# ABOUT THIS EXERCISE:
Keep to one stretch of the data below, the lines from the one with "Extraction isotherm of" up to and including the one with "Ulu Öndər Heydər", and return that stretch exactly.

[Opening PROVIDED MATERIAL section]

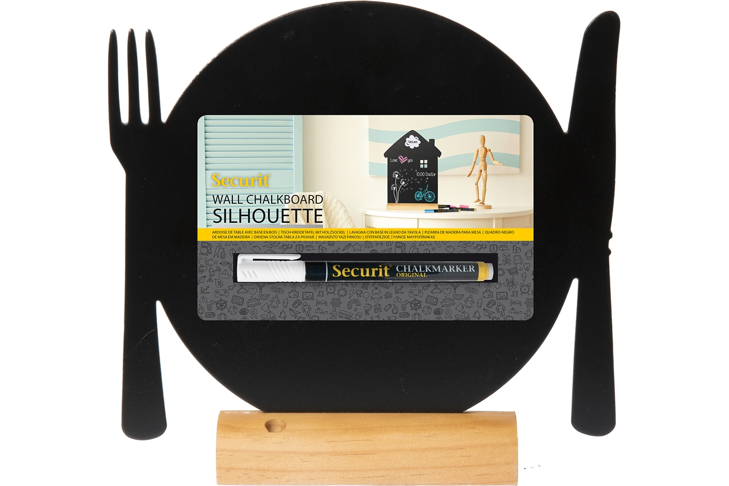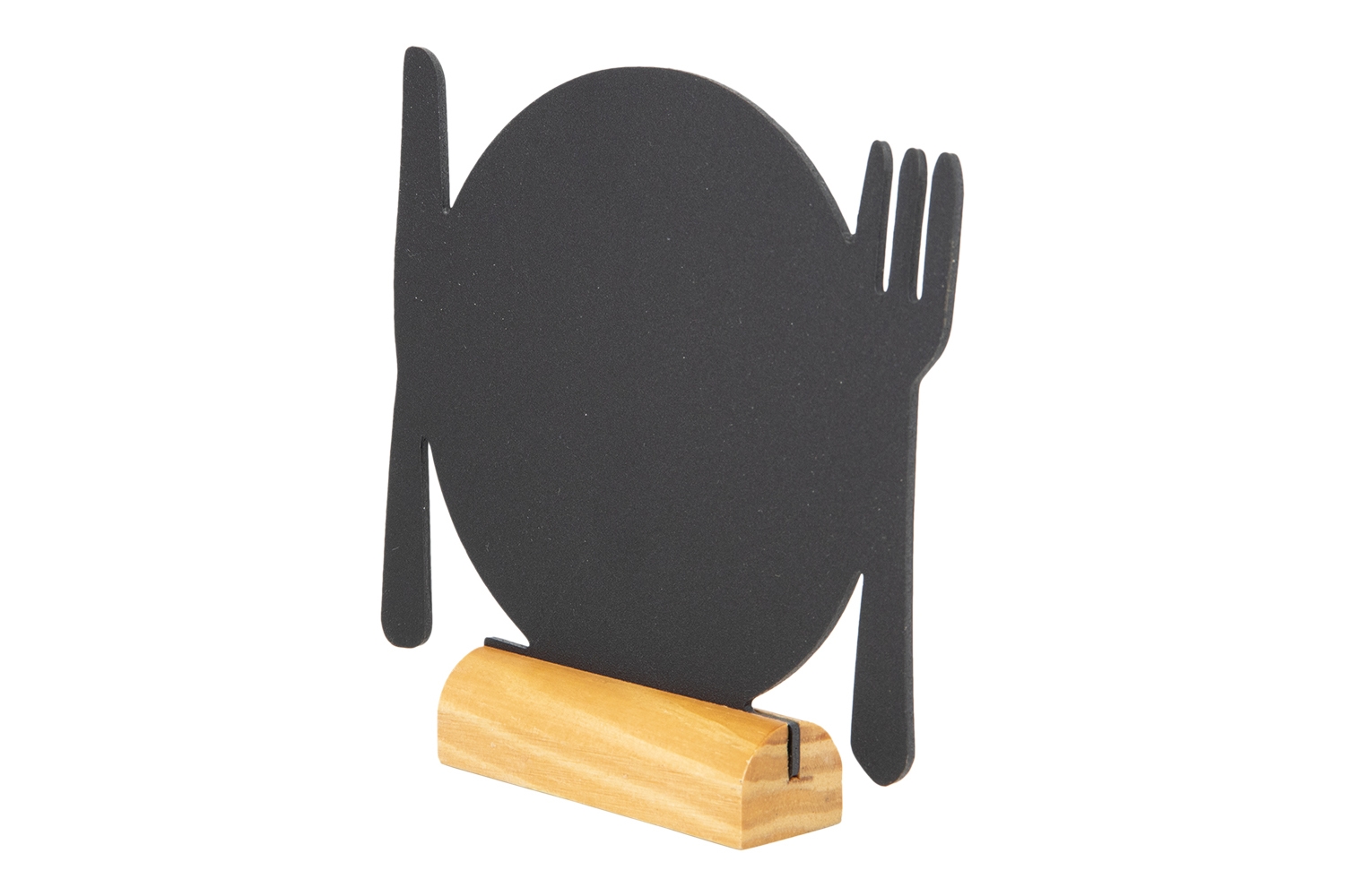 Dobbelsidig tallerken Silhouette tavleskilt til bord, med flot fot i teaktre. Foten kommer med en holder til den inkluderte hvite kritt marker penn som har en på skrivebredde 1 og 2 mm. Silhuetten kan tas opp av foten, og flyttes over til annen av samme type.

[Closing PROVIDED MATERIAL section]
[Opening PROVIDED MATERIAL section]

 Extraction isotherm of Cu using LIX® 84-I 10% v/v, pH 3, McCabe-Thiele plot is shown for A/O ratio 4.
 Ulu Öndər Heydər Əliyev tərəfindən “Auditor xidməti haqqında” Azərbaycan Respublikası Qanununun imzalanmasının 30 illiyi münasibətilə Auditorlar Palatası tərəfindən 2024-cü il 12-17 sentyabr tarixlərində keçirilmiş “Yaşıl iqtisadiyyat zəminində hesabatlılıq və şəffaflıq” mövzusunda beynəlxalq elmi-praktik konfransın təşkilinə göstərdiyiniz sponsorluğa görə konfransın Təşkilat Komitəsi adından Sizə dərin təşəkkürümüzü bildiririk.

[Closing PROVIDED MATERIAL section]
[Opening PROVIDED MATERIAL section]

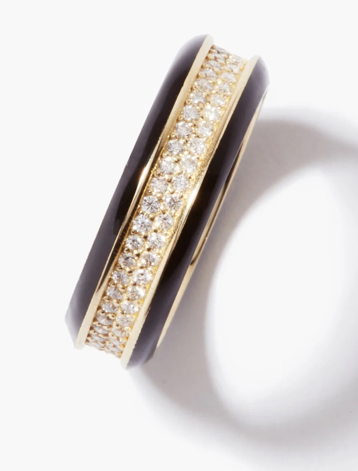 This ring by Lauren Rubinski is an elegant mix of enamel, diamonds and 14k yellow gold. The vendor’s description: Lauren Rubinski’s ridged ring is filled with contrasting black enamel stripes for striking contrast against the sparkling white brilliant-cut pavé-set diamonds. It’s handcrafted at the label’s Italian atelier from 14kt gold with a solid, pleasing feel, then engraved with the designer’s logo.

[Closing PROVIDED MATERIAL section]

# ANSWER AREA:
 Extraction isotherm of Cu using LIX® 84-I 10% v/v, pH 3, McCabe-Thiele plot is shown for A/O ratio 4.
 Ulu Öndər Heydər Əliyev tərəfindən “Auditor xidməti haqqında” Azərbaycan Respublikası Qanununun imzalanmasının 30 illiyi münasibətilə Auditorlar Palatası tərəfindən 2024-cü il 12-17 sentyabr tarixlərində keçirilmiş “Yaşıl iqtisadiyyat zəminində hesabatlılıq və şəffaflıq” mövzusunda beynəlxalq elmi-praktik konfransın təşkilinə göstərdiyiniz sponsorluğa görə konfransın Təşkilat Komitəsi adından Sizə dərin təşəkkürümüzü bildiririk.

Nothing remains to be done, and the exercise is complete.